Aim of the exercise:
Transcribe nothing except the lines below that run from the one with "山田製作所では、皆様の様々なご要望にお応えするため、NC シャーリングマシン・NC サーボブレーキ・NC" to the one with "Inside, the truck’s", ends included, and do not copy any picture.

Task inputs:
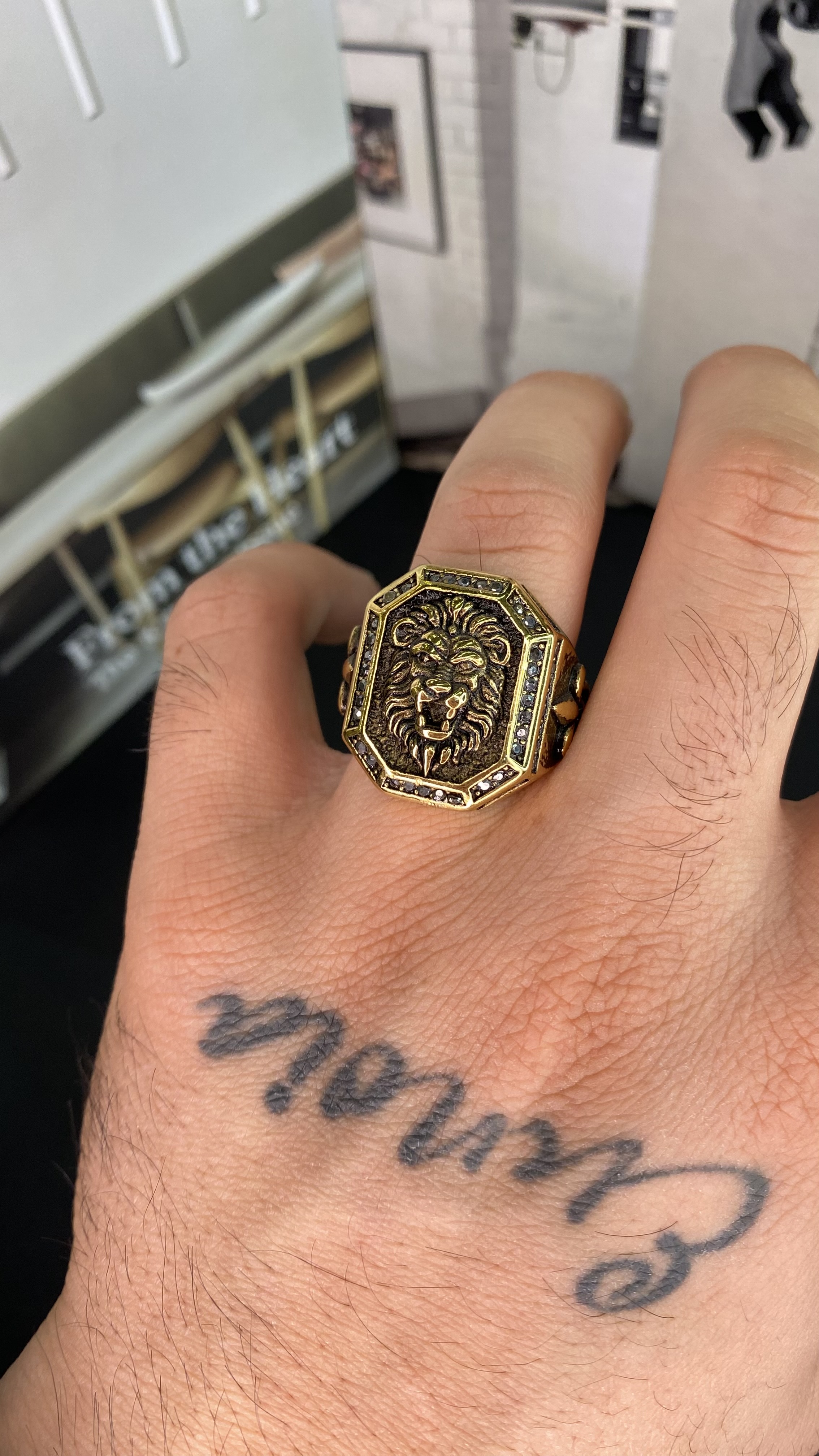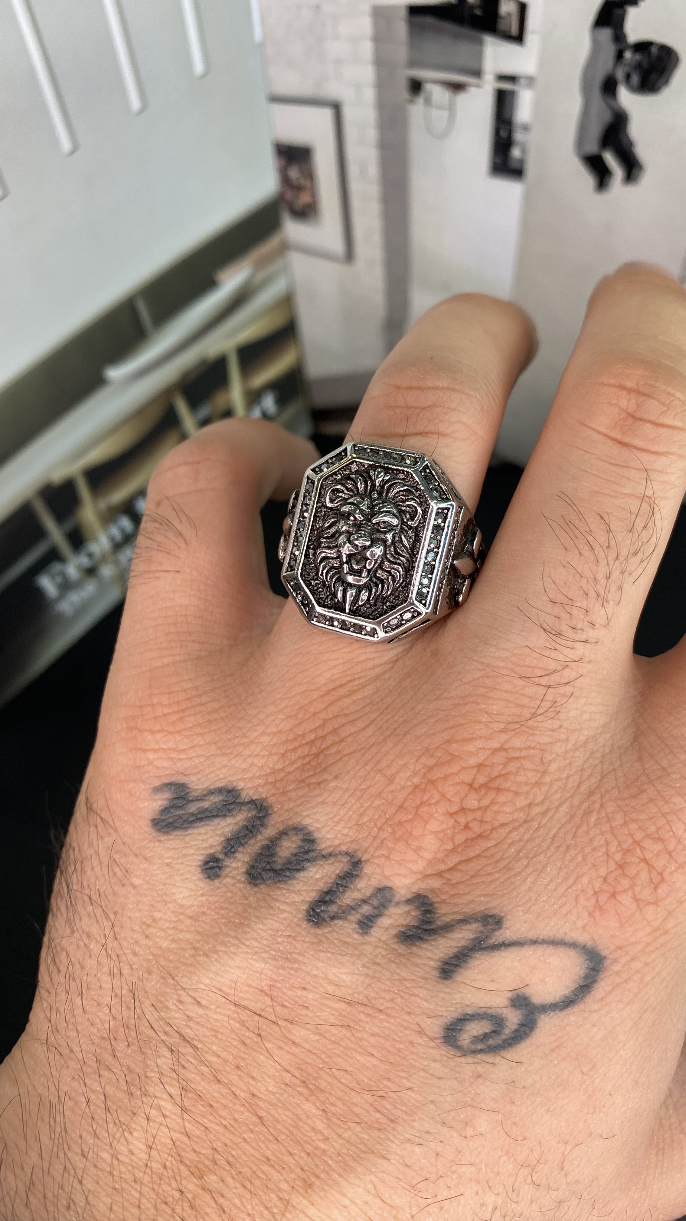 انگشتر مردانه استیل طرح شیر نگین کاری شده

---

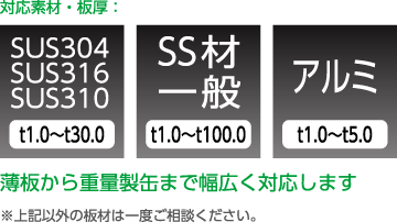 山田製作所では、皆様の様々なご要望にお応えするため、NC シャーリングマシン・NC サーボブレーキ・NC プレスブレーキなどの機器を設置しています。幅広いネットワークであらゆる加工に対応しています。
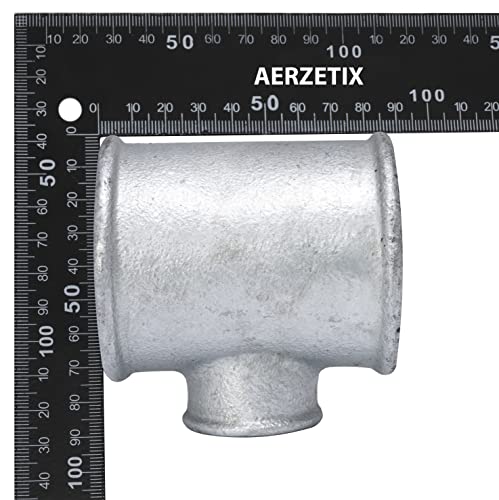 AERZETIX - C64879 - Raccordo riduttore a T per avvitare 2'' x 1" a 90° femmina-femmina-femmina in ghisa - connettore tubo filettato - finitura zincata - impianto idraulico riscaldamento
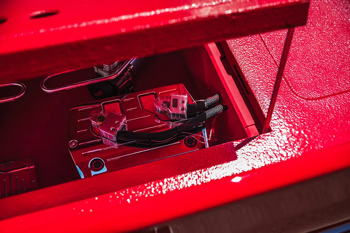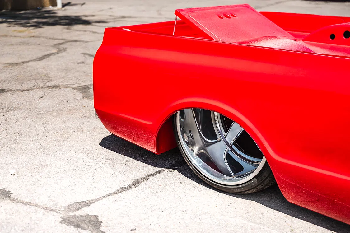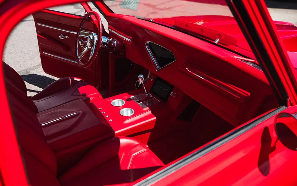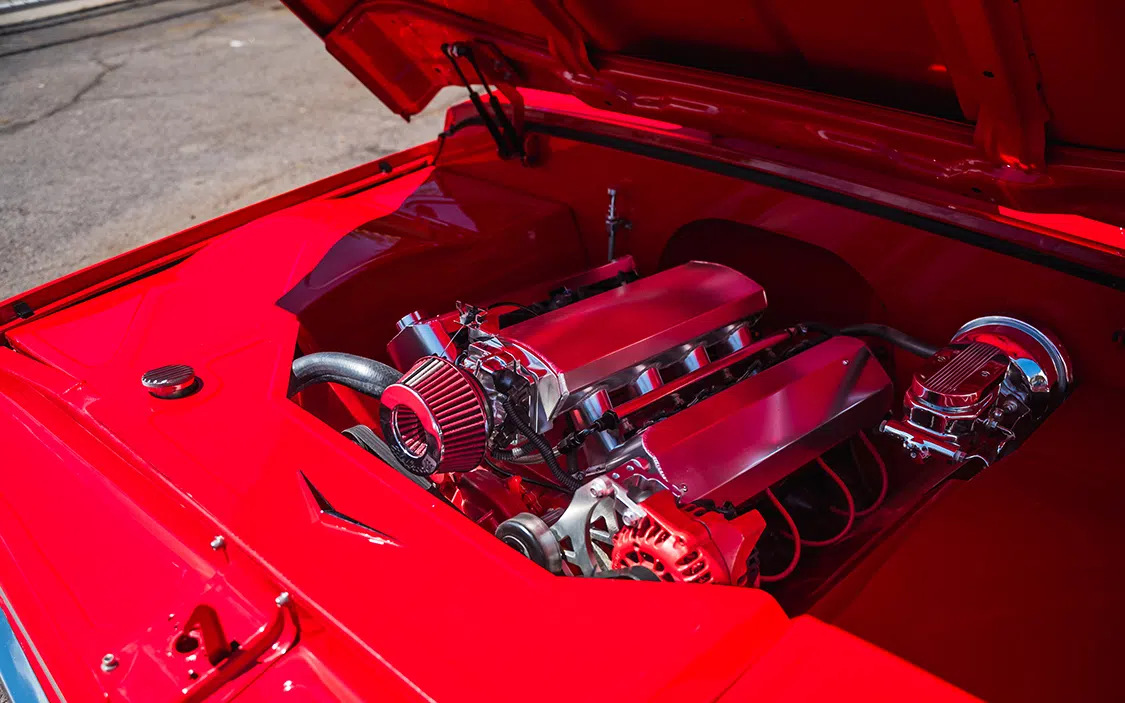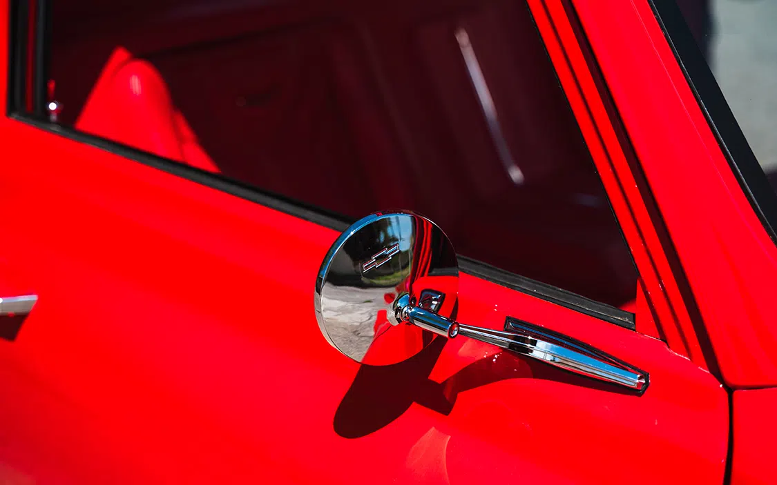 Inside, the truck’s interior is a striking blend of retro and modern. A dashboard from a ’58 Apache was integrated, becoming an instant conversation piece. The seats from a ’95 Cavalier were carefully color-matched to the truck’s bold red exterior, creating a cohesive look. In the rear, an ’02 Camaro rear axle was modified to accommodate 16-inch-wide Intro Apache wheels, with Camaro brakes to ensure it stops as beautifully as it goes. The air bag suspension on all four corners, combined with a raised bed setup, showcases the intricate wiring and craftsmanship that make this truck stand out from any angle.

Answer section:
 山田製作所では、皆様の様々なご要望にお応えするため、NC シャーリングマシン・NC サーボブレーキ・NC プレスブレーキなどの機器を設置しています。幅広いネットワークであらゆる加工に対応しています。
 AERZETIX - C64879 - Raccordo riduttore a T per avvitare 2'' x 1" a 90° femmina-femmina-femmina in ghisa - connettore tubo filettato - finitura zincata - impianto idraulico riscaldamento
 Inside, the truck’s interior is a striking blend of retro and modern. A dashboard from a ’58 Apache was integrated, becoming an instant conversation piece. The seats from a ’95 Cavalier were carefully color-matched to the truck’s bold red exterior, creating a cohesive look. In the rear, an ’02 Camaro rear axle was modified to accommodate 16-inch-wide Intro Apache wheels, with Camaro brakes to ensure it stops as beautifully as it goes. The air bag suspension on all four corners, combined with a raised bed setup, showcases the intricate wiring and craftsmanship that make this truck stand out from any angle.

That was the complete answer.